Huawei has publicly identified the Kirin 9020 as the system-on-a-chip inside its new Pura 80 smartphones, ending years of silence about the silicon powering its flagship devices. The name surfaced in user screenshots after a system update, marking the first official confirmation of a high-end Kirin processor in roughly five years. Huawei declined to comment.
Until now, details on chips inside recent 5G models, such as the Mate 60 Pro and Mate 70, came largely from teardown work. TechInsights previously assessed that SMIC builds the Kirin 9020 on a 7-nanometer-class process and called it an incremental step over the Kirin 9010.
The disclosure underlines Huawei's broader recovery in mobile after U.S. sanctions derailed its supply chain. A 2023 teardown tied SMIC to the Kirin inside the Mate 60 Pro. Before that comeback, the Mate 40 series in October 2020 had been the company's last 5G line following its addition to the U.S. blacklist.

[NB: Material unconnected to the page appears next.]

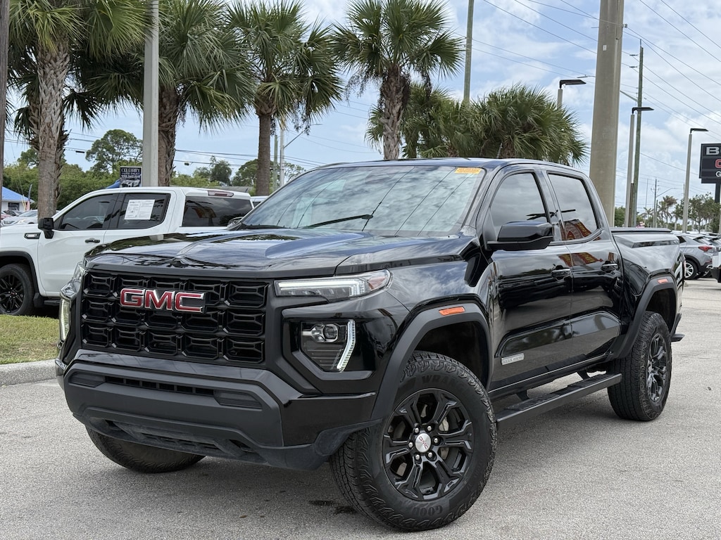 SAVE NOW DURING GARBER PRE-OWNED Sales Event! CARFAX One-Owner. Clean CARFAX. CLEAN CARFAX/1 OWNER, BACKUP CAMERA, BED LINER, BLUETOOTH W/ TECH STREAMING, TRAILER TOW, 4X4, PUSH BUTTON START, ANDROID AUTO, APPLE CAR PLAY, FRONT COLLISION WARNING, REMOTE START, LIFETIME POWERTRAIN WARRANTY, Canyon Elevation LIFETIME POWER TRAIN WARRANTY, 4D Crew Cab, 2.7L I4 Turbocharged DOHC 16V LEV3-SULEV30 310hp, 8-Speed Automatic, 4WD, Onyx Black, Black Cloth, 4-Wheel Disc Brakes, ABS brakes, Automatic Emergency Braking, Canyon Pro Safety, Dual front impact airbags, Dual front side impact airbags, Following Distance Indicator, Forward Collision Alert, Front Pedestrian & Bicyclist Braking, Integrated Trailer Brake Controller, IntelliBeam Automatic High Beam On/Off, Lane Keep Assist w/Lane Departure Warning, Preferred Equipment Group 4VL, Trailering Package, Wheels: 18" x 8.5" Dark Gray Painted Aluminum.

Consumer chief Richard Yu has described the fallout as severe, saying global availability collapsed and shipments plunged. At the same time, the company pushed ahead with its in-house HarmonyOS to reduce reliance on foreign platforms. Huawei says more than ten million devices now run HarmonyOS 5 after heavy multi-year investment and thousands of engineers assigned annually.
That momentum has translated into market share: Huawei led China's smartphone market in the June quarter with an estimated 18.1 percent of shipments, its first time back on top in four years, according to IDC.